_TASK DESCRIPTION_.
What follows is a listing; repeat exactly, and only, its lines from the one holding "Справочник содержит перечень" through the last, leaving any pictures out.

_INFORMATION PROVIDED_.

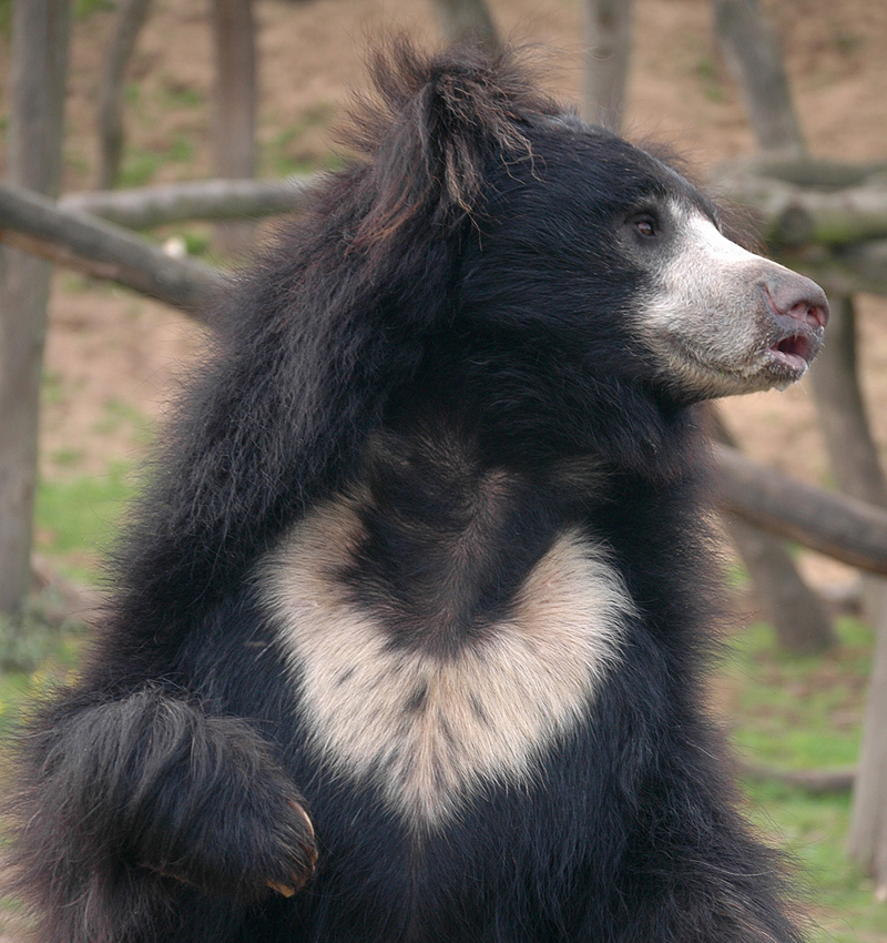 The sloth bear (melursus ursinus) has a light yellow U or Y-shaped marking on its chest and a dark coat that is shaggier than most of the other bear species. Not to be confused with a sloth, the sloth bear is a docile animal that reside in warm, humid tropical wooded areas or in grasslands near the equator. They primarily live in Southeast Asia, in the forests of Sri Lanka and India.
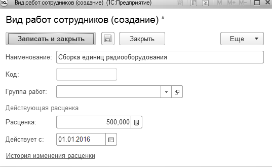 Справочник содержит перечень всех производственных технологических операций, применяемых в организации, и предназначен для учета оплаты сдельного труда. Для каждого вида работ, оплачиваемого сдельно, в справочнике указывается стоимость за единицу работ, при этом сохраняется история изменения данных расценок.
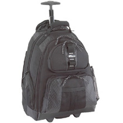 TARGUS - SPORT ROLLING 15 -15.6IN LAPTOP BACKPACK BLACK PROTECTIVE PVC MATERIAL ON BOTTOM OF CASE REPELS WATER, PADDED HANDLE AND SHOULDER STRAPS, STORAGE OPTIONS THROUGHOUT THE BACKPACK
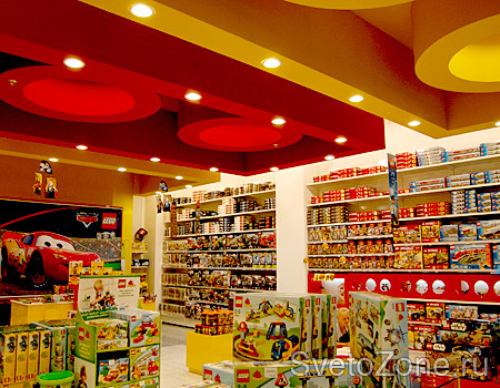 Правильная освещенность в магазине игрушек крайне важна, так как ничто не должно мешать и отвлекать маленьких посетителей от выбора, а хороший свет позволит им рассмотреть все детали.

_ANSWER BOX_.
 Справочник содержит перечень всех производственных технологических операций, применяемых в организации, и предназначен для учета оплаты сдельного труда. Для каждого вида работ, оплачиваемого сдельно, в справочнике указывается стоимость за единицу работ, при этом сохраняется история изменения данных расценок.
 TARGUS - SPORT ROLLING 15 -15.6IN LAPTOP BACKPACK BLACK PROTECTIVE PVC MATERIAL ON BOTTOM OF CASE REPELS WATER, PADDED HANDLE AND SHOULDER STRAPS, STORAGE OPTIONS THROUGHOUT THE BACKPACK
 Правильная освещенность в магазине игрушек крайне важна, так как ничто не должно мешать и отвлекать маленьких посетителей от выбора, а хороший свет позволит им рассмотреть все детали.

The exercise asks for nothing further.